Let’s take a leap. You said earlier at the beginning, I made a mental note, I want to introduce this now, that you are not particularly concerned or do not particularly agree with the positions on safety and security, so safety, reliability, alignment of models compared to what human objectives are. And so I ask you to comment on this regarding the systems as they are today and then perhaps check and tell us if your position remains the same also towards even more advanced agentic systems, the ones we expect in the near future.
Tommaso: So… Meanwhile, first of all I think that this problem of human beings of having a linguistic perceptive channel that allows them to reprogram, which puts them at risk of internal reprogramming, is on the one hand a risk but also the reason for which we have managed to grow. However, I think that this is a human problem regardless of artificial intelligence, that is, I think it is a problem of the modern world and it is precisely a bitrate problem. We have more than saturated the bitrate that a human being can receive and discern probably with Italia 1. At least in my generation. But therefore we have that more than – that is a problem of humanity that must be solved, we can have days of conversation.
And in my opinion it is the biggest problem there is from the point of view of security and not of security safety which is the fact that the companies that currently, both the closed source and the open source ones, which are more linked, more responsible for producing the language models, they did it by selling advertisements, which in fact is exactly this adversarial process we have been talking about so far, implemented by other human beings.

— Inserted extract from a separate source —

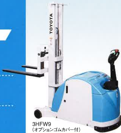
3HFW9 (オプションゴムカバー付)

That is, Google, Facebook, Microsoft – perhaps the only one, no, but in reality massively yes – live on ad revenue and ad revenue… and when it is formalized it has exactly the same, has exactly the same shape as…
But I think anyway there’s a contract between OpenAI and Coca-Cola and you probably don’t know it but we’re already getting the right tokens to drink more Coca-Cola and you’ll realize it two years from now when you average it out and the… the main channel is that, as long as the assistant is an object whose objective is to maximize the user’s happiness, it is clear what the problem is.
There are all sorts of exaggerations about what can happen and what can’t happen when people’s goals are not well defined, there are companies in between, etc., that want to get things, governments more than companies, if I have to worry, who want to achieve things, the direction is very different.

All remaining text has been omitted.